Бывает, женщина родит, а мужчина ее, муж или там любовник, знает: не от него дитя. Себя от ярости, от ревности не помнит, ребенка задушить готов, словно это ребенок виноват! Может, не предай нас Джорджи, не окажись я в тюрьме и прочее, сам бы к Каролине то же самое чувствовал, причину бед в ней видел бы… – Я качнул головой, стряхивая наваждение. – Но я изменился. Не в твоей дочке проблема и не в тебе, а во мне. И то – была…
На этих словах София крепко сжала мою ладонь.
– В смысле, я, как только Кэрри увидел, сразу просек, кто ее отец. Ну и разобрало меня, ревность разум затмила. Так бы и со всяким случилось. Еще бы! Возвращается мужчина – а у женщины дитя, которое по крови не его совсем…
Клянусь, маленькая Каролина все поняла, ибо в тот самый миг ее глаза распахнулись, а ручонка потянулась ко мне. Я осторожно разжал Софиины пальцы, выпростал ладонь, и Каролина не преминула ухватить мой мизинец.
– А в то же время Кэрри мне не чужая, – продолжал я. – Вон кожа у нее светлая, желтоватая, как у меня, и глаза мои – серо-зеленые.
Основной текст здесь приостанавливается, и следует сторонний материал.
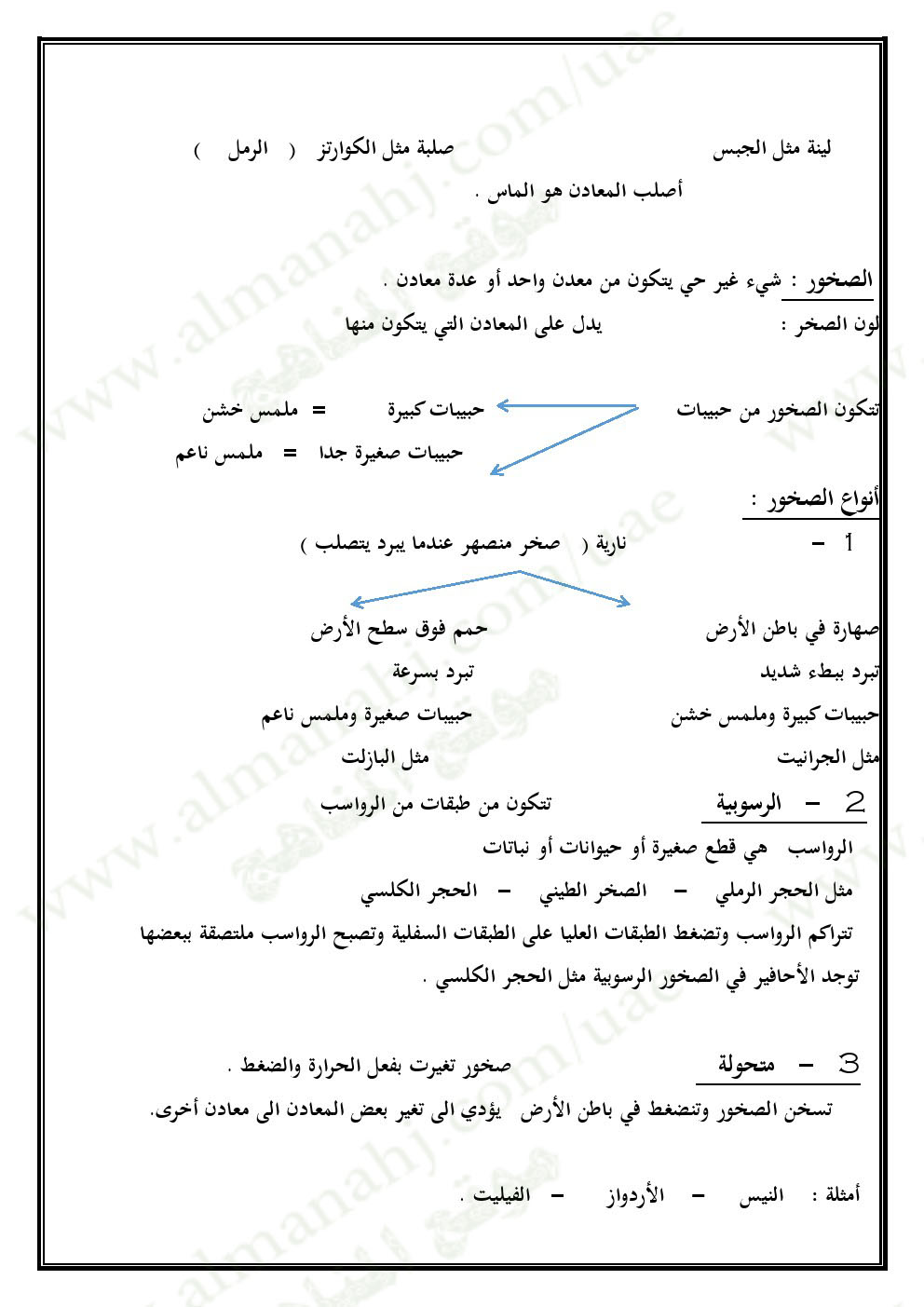 | ملخص الوحدة السادسة (المعادن والصخور التربة الأحافير والوقود) | |||

Уокеровские глаза, уокеровские волосы. Из поколения в поколения этот цвет передается. Сам видел на портрете родоначальника, да и в хрониках графства Ильм написано.
И знаешь, в чем насмешка судьбы? У Мэйнарда как раз глаза были совсем другие. У остальных Уокеров – да, серо-зеленые, но или мутные, или блеклые. И только маленькая Каролина унаследовала глаза своего, то есть нашего пращура.
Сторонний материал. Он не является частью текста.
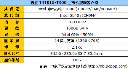 方正T410IU-T300AQ采用14英寸宽屏幕、配备了Intel赛扬 T3000双核处理器(1.8GHz主频/1MB二级缓存/800MHz前端总线)、Intel GL40+ICH9M芯片组、1GB DDR2内存、160GB硬盘、DVD光驱和Intel GMA 4500M集成显卡。目前,它的经销商报价为3167元。

В том-то и трагедия. Чистенькое – не про нас. Потому что никто в нашем мире не чистенький – так я одного парня убеждал, увещевал, даром что теперь сам своей же микстурой давлюсь. Я для того тебе рассказываю, чтоб ты поняла: я после тюрьмы всякого навидался, и я не прежний. Тому парню пришлось выбирать, и выбор был трудный. Все теперешнее, хорошее, дорогое вперемешку с поруганным – или гордыня своя одинокая, да ревность, да злоба. Он тогда правильно выбрал, и я его примеру следую. Я тоже выбираю все теперешнее. Навоз? Что ж, от навоза почва добрее.
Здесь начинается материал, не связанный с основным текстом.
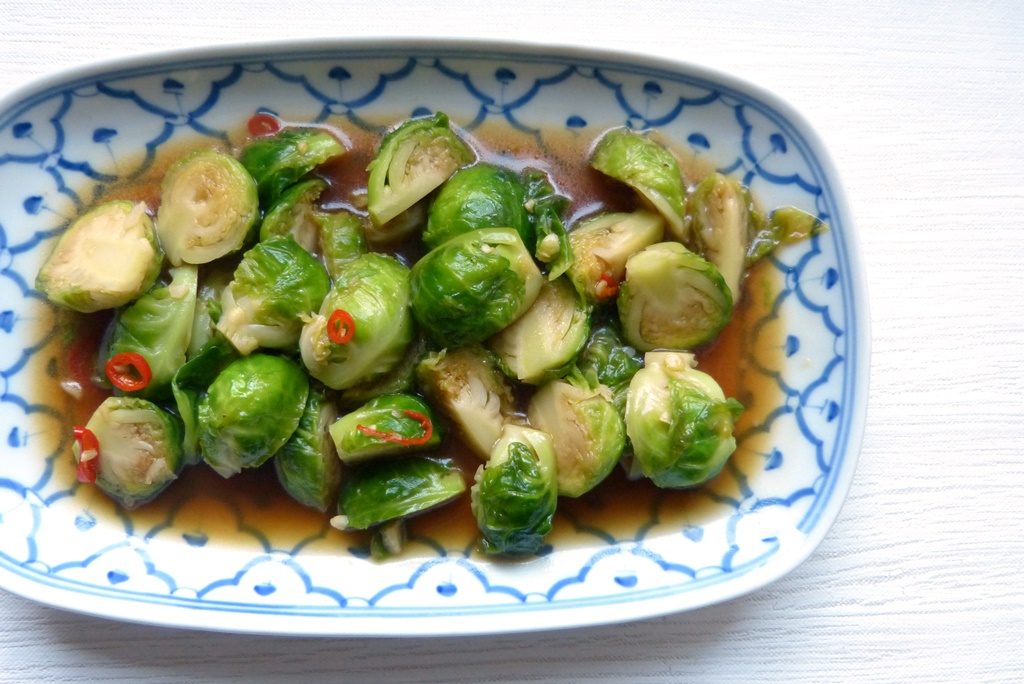 Der Rosenkohl wird kurz bissfest blanchiert, dann mit Knoblauch und Chilis pfannengerührt und mit einer Sauce aus Austernsauce, Fischsauce und thailändischer Sojasauce serviert. Die Röschen haben einen angenehmen Biss, schmecken etwas rauchig, leicht scharf und salzig-süß.

Софиины глаза были уже налиты слезами до самых краешков.
– Можно мне ее подержать, София?
Она засмеялась, разбрызгав соленую влагу.
– Только осторожней, Хай. Дочка у меня тяжеленькая.
София подхватила Кэрри – одна ладонь под попкой, другая под спинкой – и вручила мне, как кулек навозца, о котором я столь складно толковал. Серо-зеленые глаза воззрились на меня с характерной младенческой проницательностью. Боясь не справиться, уронить Кэрри, я поспешно сунул руки под Софиины ладони; София разжала объятие, и девочка легла головкой мне на локтевой сгиб. Не расплакалась, даже не захныкала – спокойно устроилась, будто так и надо. Я же, ощутив парное́ тепло, подумал об отце – он-то никогда меня на руки не брал. Я даже вообразить себе такое не мог, даром что все отрочество терся возле него, – болван, предатель, не помнящий родства, задвинувший в непролазные дебри подленького рассудка женщину, для которой был центром Вселенной. Она меня обнимала, качала на коленях, пока нас с нею не разлучили, пока из меня не вырвали самый образ ее – голос, руки, ощущение, что я бесконечно любим. Пока мой отец не продал на Юг мою мать.
* * *
Итак, Локлесс эродировал подобно высокому берегу, подмываемому рекой времени; в Муравейнике шныряли призраки утраченных, а дирижировала процессом распада поздняя осень – дока во всем, что связано с умиранием. Если бы не Каролина, этот светлячок, мир наш погрузился бы в непроницаемую тьму. За неимением других сведущих женщин роды у Софии принимала Фина, с тех пор она считала себя ответственной за Кэрри и частенько сама вызывалась посидеть с девочкой, дать роздых Софии. Вот и в первое воскресенье после нашей с Софией совместной большой стирки, когда я конопатил щели в Софиином жилище, Кэрри находилась на попечении Фины. Я проработал примерно час, затем не выдержал холода – вошел в хижину. София как раз разожгла огонь. Туго закутанная в шаль, она уселась перед очагом, протянула ладони к живому пляшущему теплу.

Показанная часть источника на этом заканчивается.